Monday, December 3, 2007

Forgive divine

As a single mother, I am always trying to teach my 13 year old son that women are to be respected and not objectified. In this age of lusty, sexual visuals it's increasingly difficult. He is easily embarrassed by, as he puts it "skanky girls" on television and in movies. He tells me he doesn't understand why they have their rear ends and chests on display. Now, I do realize he is young. I'm his mother. I see the positive. So, his views are to my credit. That is not to say he isn't curious and appreciative of the female form. I do honestly believe he's learning that ogling and staring are inappropriate. I know some grown men who could take a lesson from my man-cub.
So, the other night we were watching a movie. I'm pretty sure it was John Cusack's 1985 charmer, Better off Dead. He and I both love this movie. We've watched it so frequently we can quote many parts. I think what prompted his comment to me is that there is a character in the movie named Roy Stalin. He's an arrogant putz that treats women like pieces of old cube steak.

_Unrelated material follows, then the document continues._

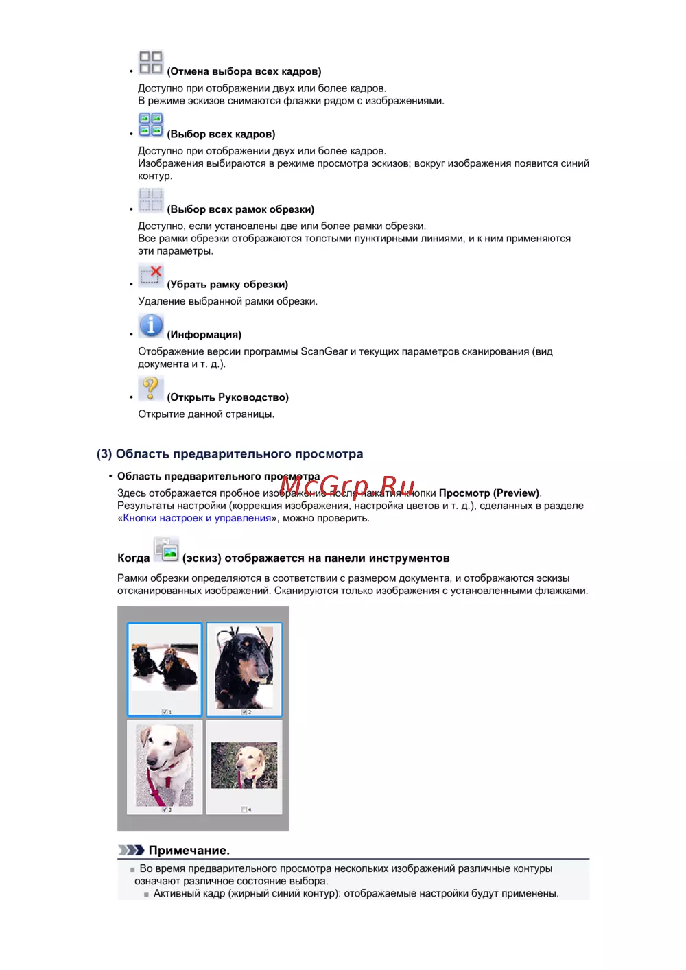 отсканированных изображений. Сканируются только изображения с установленными флажками.

My pride and joy says from across the room, "Mom, if I ever have a girlfriend, I won't care if she's pretty. As long as she treats me nicely I'll like her." I'll give you a moment to awwwww
Since kindergarten, the little girls my boy has liked have been unpopular, plain-Jane types. He'd talk about one little girl in particular. In my subconscious superficiality, I pictured a princess with bows perfectly adorning her curly brown locks. On a day of volunteering I met this mystery girl: Her tangled, mousy hair fell to her shoulders. She wore thick glasses that constantly had to be pushed up. He adored her; therefore, I instantly fell in love with her as well. I asked him why he liked her so much. First, he insisted she was his friend. Then, he revealed that she played with him when other kids wouldn't. He appreciated her inner beauty..."to me, she's pretty." I thought that was mighty profound for a 5 year old child.
The Man-cub has been taunted by a particular girl for 2 years. She's not toyed with him in a flirtatious manner, mind you. This young lady has been cruel and hateful. Instead of encouraging him to push back, I asked him to find it in himself to be compassionate. I suggested that she might have a bad home life; no one to kiss her and say 'I love you' as she left for school. He's admitted that it's often difficult and he'll raise his voice in frustration. It's never been bad enough for his teachers to contact me. However, I have inquired about this girl's continuing badgering. I recently spoke to the woman who was my son's teacher's aide. She confided in me that the girl in question had indeed been in an unstable environment. She's one of 7 children. She and her twin sister were told they were no longer wanted (by their mother) and given to foster care. My face fell in shock. I shared with the teacher's aide how I had encouraged Spenser to deal with this girl. I added that I had alerted the school administration about the ongoing issue. They promised to monitor it. I mean, they have to since bullying has a zero tolerance policy. She told me she would personally talk to the girl. Apparently, she saw the need in this girl's life for a positive role model and took it upon herself to do so.
I felt it necessary to inform Man-cub that his means of handling 'the girl' was appropriate and well praised. He was exhibiting the Golden Rule. I insisted that he keep this information about her foster care to himself as I did not want her to suffer ridicule or embarrassment. We were discussing his school day as we always do, and he told me about the Christmas cards that he was making for his teachers and Grandma. "Oh, and I made one for A, too. I told her Merry Christmas and that I was sorry for yelling at her when I was angry." A being the young lady who's harassed him. As corny as this may sound, my son just gave me the best gift any mother could receive at this joyous time of year.
He knows his gesture of kindness and wiping the slate clean may not be welcomed or outwardly appreciated. It came from his heart to let her know that bygones are bygones. He's learned to do something I find incredibly difficult: Forgiving my enemies. The student becomes the teacher.

1 comment:

  1. Crying...Spen is extraordinary. And so, my darling sister, is his mother. One time Dad told me that he was proud of what I had taught my sons. "You are the one who made them who they are. And they are wonderful children. Be proud!" On this Christmas Eve, hear those words being sent to you. Dad knows. The Father knows. Merry Christmas!